В то время (с 1939 по 1942 годы) в Фольксопер были замечательные постановки с выдающимися певцами и хорошими дирижерами. Услышать Георга Эггля в роли Тонио, Риголетто или Бекмессера было для меня настоящим откровением. Эггль начинал в диалектных пьесах. Его актерская манера была простой, но весьма действенной. У него был необыкновенный голос — темный, бархатный, словно ночное небо. Он пел очень много, иногда по три знаменитых партии кряду. Помню, как за одни выходные он спел графа Луну, Бекмессера и Риголетто; он был великолепен в партии Луны, еще лучше в роли Бекмессера («endlich ein gesungener Beckmesser» — «наконец-то Бекмессер, который хорошо распелся», писали критики), но к Риголетто он уже подуставал. Он начал записываться только тогда, когда его голос уже угасал. Две партии, казалось, были написаны специально для него — Тонио и Риголетто. Никто и шелохнуться не мог, когда он пел «Pari siamo» («Gleich sind wir beide» — все оперы исполнялись на немецком), то была великая музыка, рожденная великим исполнителем. Иногда здесь появлялись и актеры из Шта-атсопер и разочаровывали нас — то есть меня и матушку, потому что мы часто ходили в оперу вместе. Я восхищался Георгом Монти по радио, но считал его Риголетто грубым и не вдохновляющим. Альфред Йергер был легендой, но его Ганс Закс едва был слышен. «Неужели это все, что может предложить Штаатсопер?» — спросил я сам себя и отправился в это огромное здание. Там я увидел «Летучего голландца» с Гансом Хоттером в титульной {Золи. Это был первый приезд Хоттера в Вену. Он уже прославился, и меня заинтриговало, сможет ли он сравниться с Вилли Швенкрайсом, баритоном из «Фольксопер». «Ну как?» — спросила мама, когда я вернулся со спектакля. «Вилли Швенкрайс куда лучше», — ответил я, имея в виду «куда громче». Позже, после войны, я лучше познакомился с мощью Хоттера.

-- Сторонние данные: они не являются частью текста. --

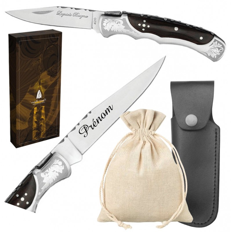 Couteau Laguiole Bougna TAILLE L - Couleur Marron ( ref.28B ) ~P.Plat~
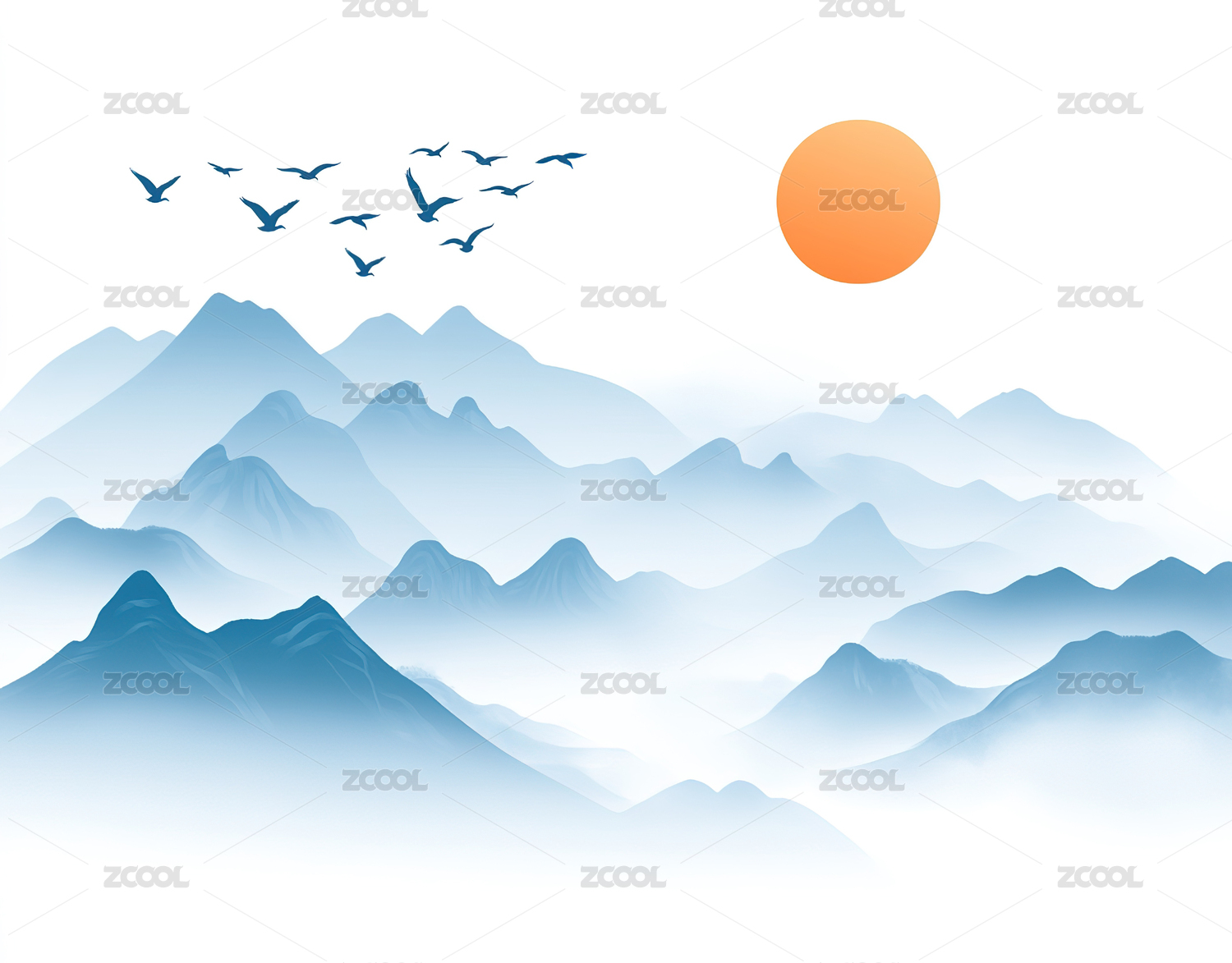 山脉,AIGC202404,山川,高山,大山,地形,云,水墨画,扁平风

Вот еще один великий голос, лучшие качества которого так никогда и не зафиксировала грамзапись.

Заметив мое восхищение, Лангер пригласил меня в гости и дал мне урок вокала. После нескольких уроков он сказал: «Тебе стоит пойти в музыкальную академию». Папа не возражал и начал приготовления. Я выдержал вступительный экзамен и был принят. Меня зачислили в класс к великолепному педагогу — Адольфу Фогелю из Штаатсопер, знаменитому Лепорелло, Бекмессеру, Альбериху, Варлааму, с учениками по всему миру (одним из них был Норман Бейли, могучий Макбет, Летучий Голландец, Ганс Закс и Гремин).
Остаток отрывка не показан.